The Pending Legislation: What It Means for Oppositions & Reexaminations

Darrin Auito | January 21, 2010

The proposed Patent Reform Act of 2009 introduces a post-grant opposition procedure, as well as several changes to the current inter partes reexamination system.

Post-grant oppositions would be similar to the procedure currently used in Europe, which allows a third party to challenge the validity of a patent within one year of issuance. Here are the key points of this new procedure:

• Third-party can petition, during a 12-month “window” after a patent issues, to cancel one or more claims;

• Third-party can raise any ground of invalidity available in litigation except best mode and prior sale/use (deleted in Senate amendment to bill);

• The PTO would institute a post-grant review if “a substantial question of patentability” existed;

• Limited discovery may be permitted (and only for evidence directly related to factual assertions by either party);

• No statutory presumption of validity (“preponderance of evidence” standard applies), but burden of proof is on the party initiating the proceeding;

• Ordinarily concluded within one year (extendible by PTO Director, of course);

• If the PTO finds in favor of patentee, petitioner is estopped from later seeking reexamination or even raising invalidity as a defense in subsequent litigation.

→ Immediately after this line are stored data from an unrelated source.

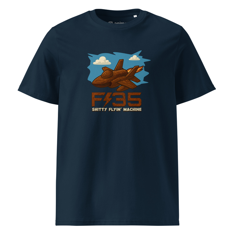 This F-35 parody shirt turns the infamous stealth jet into a wooden “shitty flyin’ machine,” poking fun at its endless defects, outrageous costs, and the deafening noise it blasts over neighborhoods.
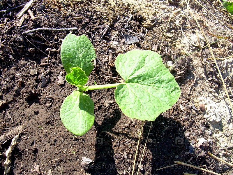 Рассада тыквы, высаженная на гряду
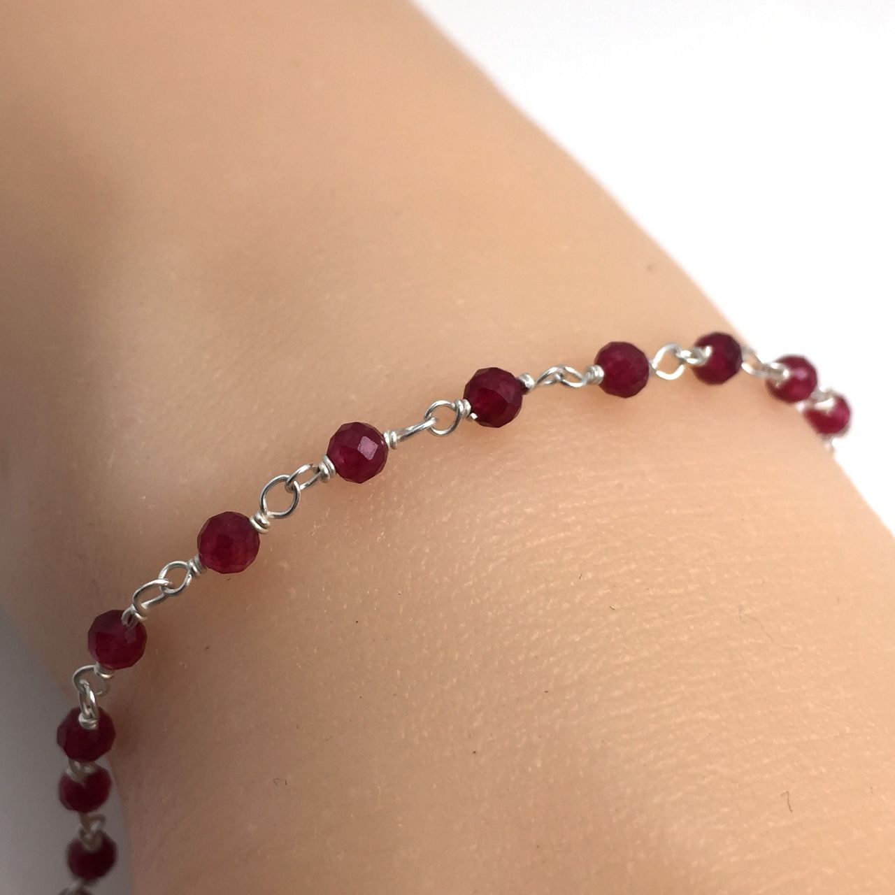 Style: Handcrafted gemstone rosary chain by the footStone: Lab grow RubyStone size: approx. 3mmMetal: Solid 925 sterling silver
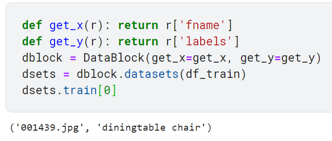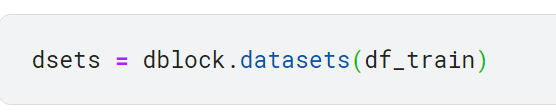 정리하면, dblock에서 정의한 규칙을 기반으로 df_train 데이터프레임을 사용하여 datasets 메서드를 호출하면 훈련 및 검증 데이터셋이 포함된 데이터셋 객체를 얻을 수 있음.

• If post-grant review is terminated, the petitioner is not estopped to asserted invalidity in subsequent litigation.

The inter partes reexamination process would become more like that of the district court. Here are some of the other changes that may be coming:

• Reexamination is available throughout the life of a patent (no “window”);

• Requestor can raise any ground of invalidity available in litigation, except best mode and prior sale/use;

• Process would be handled by administrative patent judges instead of patent examiners;

• If PTO finds in favor of patentee, requestor would be barred: (1) from asserting invalidity of any claim determined to be valid in inter partes reexamination on any ground raised in the reexamination; and (2) from instituting an inter partes reexamination proceeding after a district court judgment on patent validity.

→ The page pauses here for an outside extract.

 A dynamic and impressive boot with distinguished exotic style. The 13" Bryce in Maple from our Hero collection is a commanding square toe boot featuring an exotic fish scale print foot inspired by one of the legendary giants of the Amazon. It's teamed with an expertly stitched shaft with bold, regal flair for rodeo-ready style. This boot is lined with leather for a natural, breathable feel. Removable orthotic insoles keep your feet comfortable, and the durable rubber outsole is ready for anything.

This last point must not be overlooked. It makes the prospect of filing an inter partes reexamination request much less risky, because the requestor is not prevented in a subsequent litigation, for example, from asserting potentially invalidating patents that he “could have raised” during reexamination. Under current law, estoppel applies to any ground that “could have been raised” during the reexamination. Because of this, parties factor the risk of an unintended estoppel in later litigation into their decision of whether to file an inter partes reexamination request.

If the Patent Reform Act of 2009 is enacted, the new post-grant opposition procedure and the revised inter partes reexamination would allow a party to challenge issued patents more readily by way of the Patent Office, instead of through the district court. Unfortunately, nobody knows if (or when) it will be enacted.

Will 2010 be the year the legislation passes? There are positive signs, not the least of which is the Obama Administration signaling that it generally supports the current Senate version (S. 515) of the bill. Plus, many of the controversial provisions of previous versions of this bill have been deleted from this bill (e.g., no AQS provision, no automatic publication after 18 months, no provisions on inequitable conduct, etc.). We must wait and see.